The bottom line, Clarke said, is that outsourcing transportation services to Durham Services will save the district $4.7 million over the next three years. The contract with GCA Education Services will save $7 million over three years.
"We are in crisis mode right now, and I wish there was some other way to do this," he said.
Board members asked for clarification on several components of the contracts with both companies. Here are the answers they received from school administration:
- The move will, essentially, eliminate the entire transportation and custodian departments as well as three grounds positions in the district.
- All of the employees in those departments will receive layoff notices, except for the transportation manager, who will be kept in that role for one year to help facilitate the transition.
- The contracts will be for three years; after that, they will be reviewed year by year.
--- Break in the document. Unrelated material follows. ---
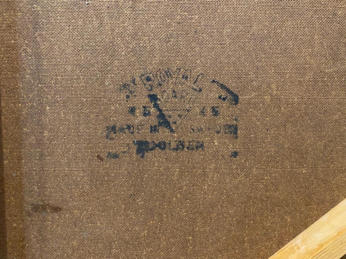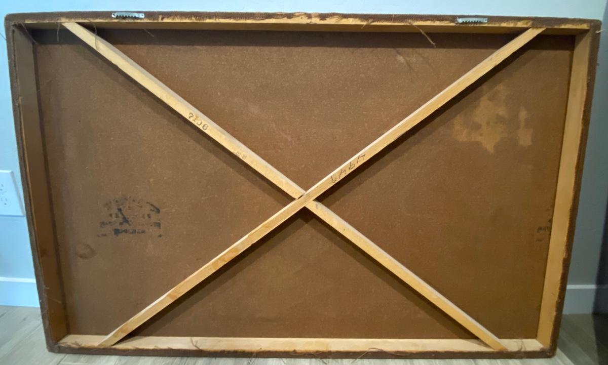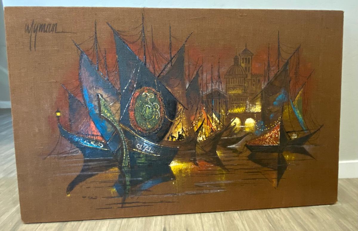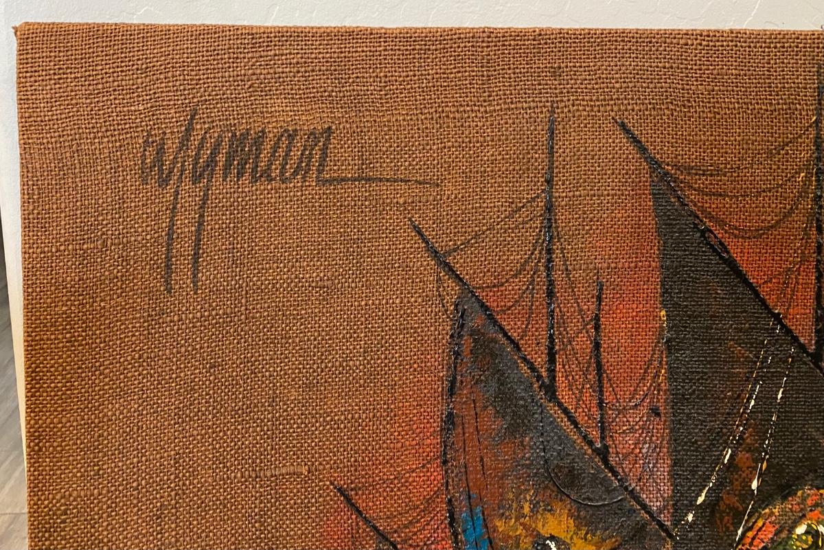 Mid Century Modern Large Wyman Ships Painting on Burlap Art

- Laid-off employees will be able to apply for positions with Durham and GCA. "They are very, very interested in working with our staff," Dan Romzek, assistant superintendent of business, said about Durham. He mentioned Durham will offer an incentive for current drivers to work for the company. Both companies perform drug and alcohol screenings and extensive background checks, Romzek said. GCA's screening process for custodians is more extensive than that done by the district now, Romzek said.
- Durham trains drivers to assist special needs children.
- Durham will provide busing for field trips and athletic events as well as for school. The buses will still say "Rochester Community Schools."
A committee of board members and administrators performed background checks on both companies, visiting other schools in Oakland County that contract with the companies and talked to building principals for first-hand references.
Board members said their decision came with sadness.
"We would be naive to believe we are making a decision that doesn't come with a loss to our district," board member Beth Talbert said. "A number of years ago we asked that employee group to step up and they did. There has never been about any doubt in their work ethic."
Talbert said that if the board did not vote to outsource the transportation department, she feared that soon the district would not be able to afford transportation at all.
"There is no decision that won't have a human impact," she said. "Keeping buses is a critical service. I support this with sadness."
Julie Wright, a graduate and parent in the district, advised board members and community members to direct their anger about its decision not toward the board but to their representatives in Lansing. She specifically called out Rep. Tom McMillin, R-Rochester Hills, and Sen. Jim Marleau, R-Orion Township, for making cuts in state education, which local districts are "powerless" to battle.
Board President Jennifer Berwick, who repeatedly had to calm the crowd during Monday night's meeting, said the district was "hanging on by a thread."
"As board members, we have to make decisions that are in the best interests of our students," Berwick said.